A Novel Dataset for Identifying Sex-Biased Genes in Drosophila

Nicholas W VanKuren 1,2, Maria D Vibranovski 2,3,
PMCID: PMC4091448  PMID: 25031657

Abstract

Phenotypic differences between males and females of sexually dimorphic species are caused in large part by differences in gene expression between the sexes, most of which occurs in the gonads. To accurately identify genes differentially expressed between males and females in Drosophila, we sequenced the testis and ovary transcriptomes of D. yakuba, D. pseudoobscura, and D. ananassae and used them to identify sex-biased genes in the latter two species. We highlight the increased sensitivity and improved power of sex-biased gene detection methods when using our testis/ovary data versus male and female whole body transcriptome data. We thus provide a resource specifically designed to accurately identify and characterize sex-biased genes across Drosophila. This dataset is available through NCBI GEO accession GSE52058.

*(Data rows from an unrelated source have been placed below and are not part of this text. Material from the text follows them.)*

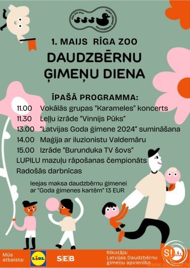 1. maijā visām daudzbērnu ģimenēm, uzrādot apliecību “Goda ģimene”, ieejas maksa būs 13 eiro visai ģimenei.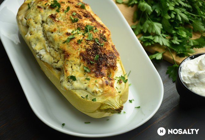 Elkészítés: a tököt félbevágjuk, kimagozzuk, húsát kicsit kivájjuk kanállal. Az olívaolajat felmelegítjük, és megfuttatjuk rajta a vöröshagymát és a fokhagymát, míg kicsit elveszítik a nyersségüket. A darált húst, a megpárolt hagymákat, a fűszerpaprikát, sót, borsot, a főtt rizst, a csokor kapor felét apróra vágva, a két tojással együtt egy tálba öntjük, és alaposan összekeverjük. Beletöltjük a kivájt tökbe. A tejfölt összekeverjük a kapor másik felével, majd rákenjük a töltelékre. Megszórjuk a zsemlemorzsával, aláöntjük az egy deci vizet, és 180 fokra előmelegített sütőbe dugjuk. 50 perc alatt készre sütjük, Ha szükséges, félidőben letakarjuk alufóliával. (www.nosalty.hu)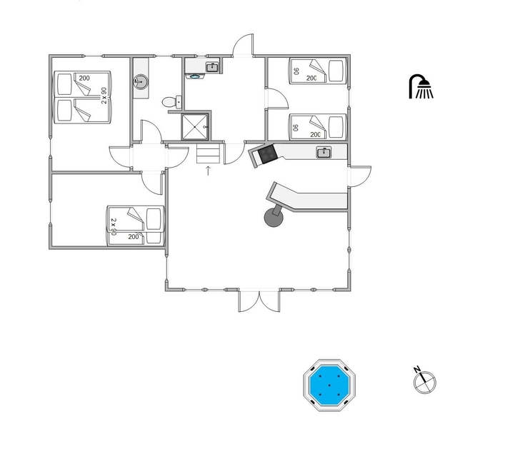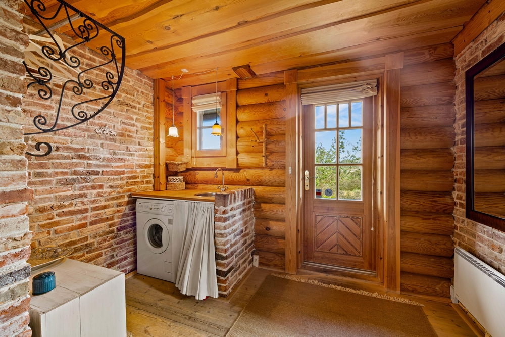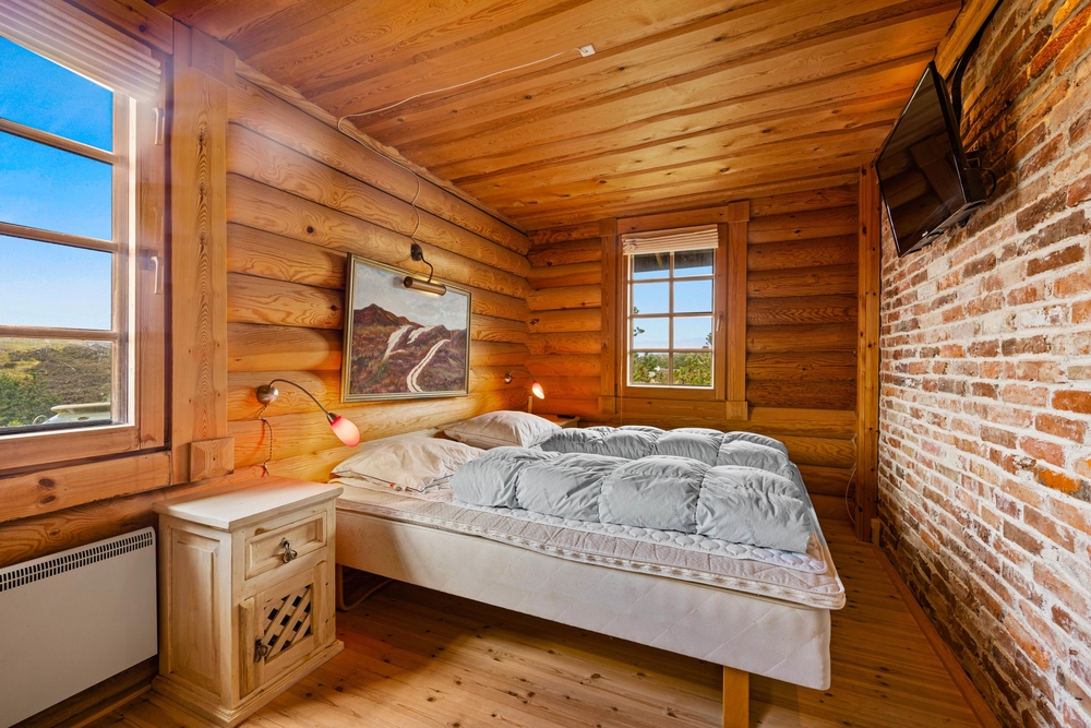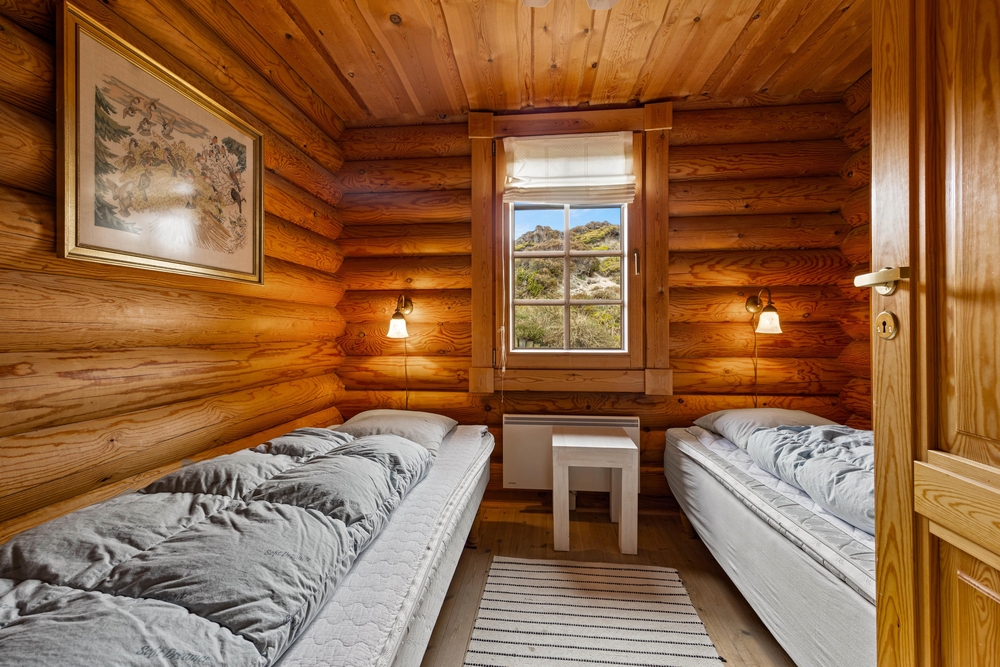 Når timerne bliver sene, kan I fordele jer på de 3 soveværelser. På det ene er der en køjeseng, hvilket helt sikkert bliver et hit hos familiens mindste. På badeværelset er der installeret gulvvarme, så I ikke skal fryse tæerne. Praktisk gemmer bjælkehytten også på en vaskemaskine, så håndklæderne kan blive frisket op under ferien.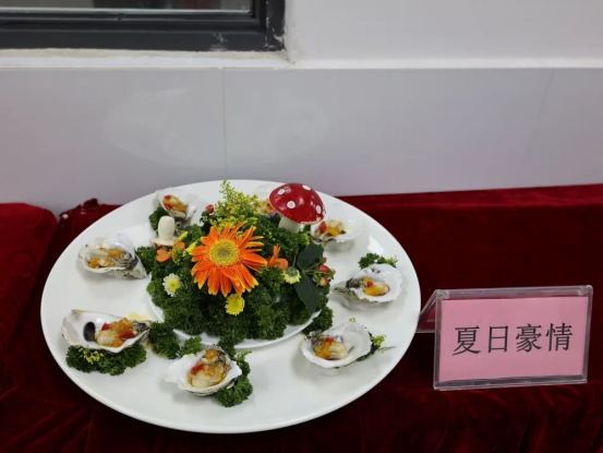 本次比赛邀请广东省三星级粤菜师傅陈本领、乡村工匠烹饪专业工程师黄海源和倪锐新担任评委。比赛现场,参赛选手们各施所长,使出看家本领,展示精湛技艺,打造色香味俱全的“蚝”门盛宴,给评委和观众带来视觉和味觉的双重享受。经过评委严谨细致的评选,本次评选出特金奖一名、金奖三名、一等奖七名,其中黄科传老师的作品“侨乡之路”获得此次竞赛的特金奖。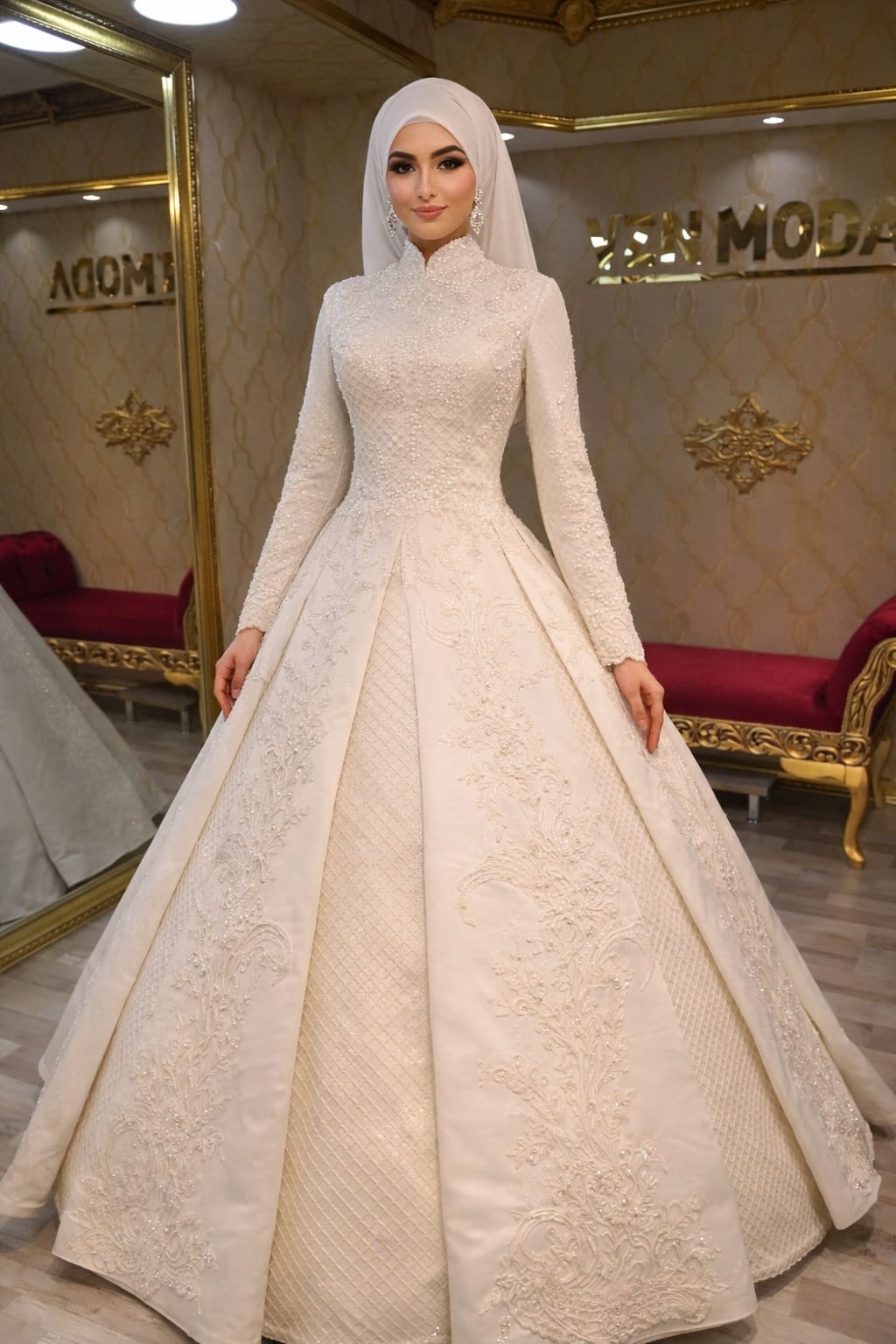 Aslında saten ve nakış işleme uyumu, gücün ve zarafetin en evrensel sembolüdür; dolayısıyla bu modelle hem modası geçmeyecek hem de etkileyici bir duruş sergileyebilirsiniz. Çünkü VZN Moda, her detayı titizlikle hazırlanan bu tasarımla, tesettürlü gelin adaylarına hayatlarının en özel başlangıcında eşlik edecek o “vakur ve aydınlık” görünümü sunmayı hedefler. Sonuç olarak, satenin büyüleyici etkisini teninizde hissetmek ve Ayşen modelin karizmatik atmosferiyle iz bırakmak istiyorsanız, bu tasarım koleksiyonumuzun en nadide parçalarındandır. vznmoda.com/gelinlik/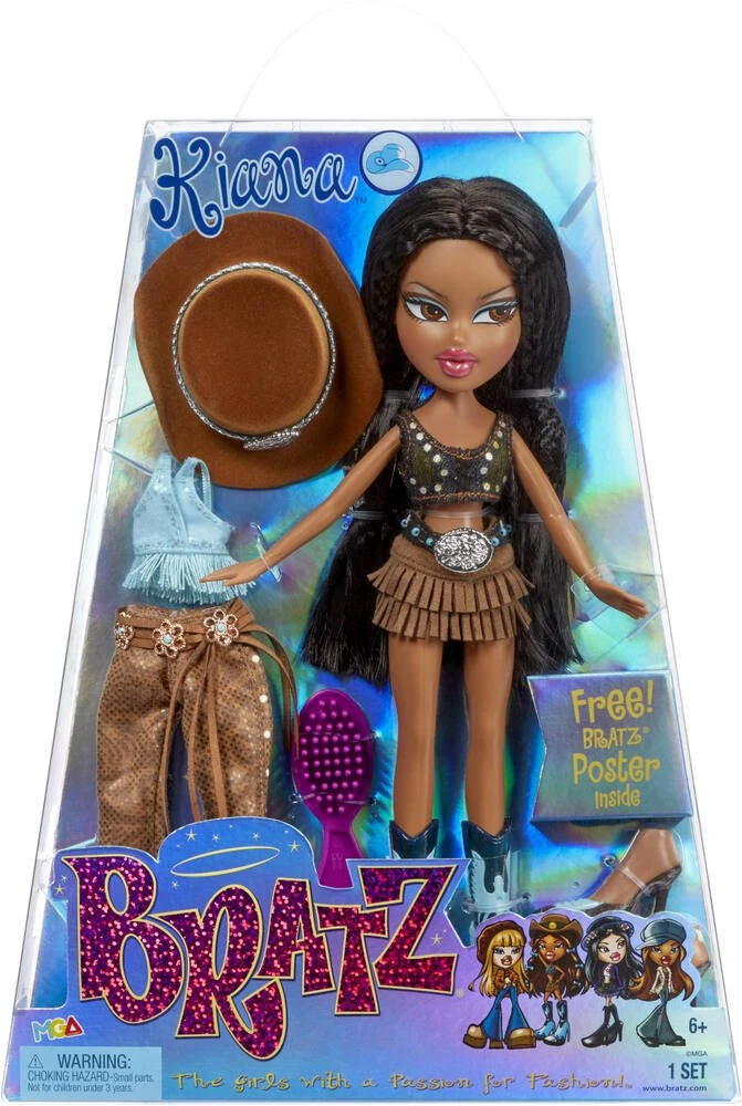 Les collectionneurs et les fans de mode adorent les poupées Bratz avec ces looks emblématiques. Le premier coffret Bratz 2002 de Kiana dans le cadre de la collection « Wild Wild West » ! Près de 20 ans plus tard, vous pouvez à nouveau ajouter la toute première poupée Kiana emblématique à votre collection. Les magnifiques tenues sont presque des répliques exactes de la poupée originale, maintenant dans un tout nouvel emballage holographique en édition spéciale qui montre son style personnel. Kiana est livrée avec 2 tenues époustouflantes pour de nombreux styles à assortir, 2 paires de chaussures & 1 chapeau. Chaque poupée dispose également d’une brosse à cheveux et d’une affiche holographique. Les amis de Kiana l’appellent « Outlaw Diva » parce que son apparence est si belle qu’elle devrait être illégale ! Collectionnez les 5 poupées mannequin originales Bratz, avec Meygan, Nevra, Kumi, Kiana et Dylan !

Keywords: RNA-seq, testis, ovary, Drosophila pseudoobscura, Drosophila ananassae, Drosophila yakuba

INTRODUCTION

Differences in gene expression account for the majority of phenotypic differences between males and females of sexually dimorphic species 1. Thus, accurate identification of genes differentially expressed between males and females, i.e. sex-biased genes, is crucial for understanding the current state and evolution of the genomic architecture and mechanisms producing sexual dimorphism. The majority of sex-biased expression detected with microarrays in Drosophila occurs in gonads (e.g. 2), suggesting that accurate identification of sex-biased genes should be based on gene expression measurements in these sex-specific organs. To take advantage of the increased sensitivity of whole-transcriptome sequencing (RNA-seq), to avoid the limitations of whole body (WB) samples for detecting sex-biased gene expression, and to better understand sex-biased gene evolution in Drosophila, we sequenced testis and ovary mRNAs from D. pseudoobscura, D. ananassae, and D. yakuba.

METHODS

Flies were grown on cornmeal-molasses agar at 20oC (D. pseudoobscura 14011-0121.94) or 25oC (D. ananassae 14024-0371.13 and D. yakuba CSN). Virgin flies were collected and aged 6-10 days before dissecting 2-3 replicates of testes or ovaries. Total RNA was extracted from testis and ovary samples using the Arcturus® PicoPure® kit. Illumina® TruSeq® RNA kits were then used to poly-A+ select mRNA, reverse-transcribe mRNA using random priming, shear cDNA into 120-200 bp fragments, and produce libraries for 1x50 bp sequencing on an Illumina GAIIx or HiSeq2000 (Table S1). Illumina's Real Time Analysis v1.13 module processed raw images, called bases, and provided base qualities. We downloaded D. pseudoobscura r3.1 and D. ananassae r1.3 reference genomes and annotations from FlyBase (http://flybase.org), and modENCODE WB and reproductive tract RNA-seq data 3 from NCBI (Table S1). All reads were mapped to the appropriate reference genomes using Bowtie v2.1.0 with default parameters 4. Other D. pseudoobscura datasets 5 and our D. yakuba samples currently consist of one replicate and are likely unsuitable for sex-biased gene identification.

Table S1.

GEO, SRA, and modENCODE accessions and mapping statistics of datasets used in this study.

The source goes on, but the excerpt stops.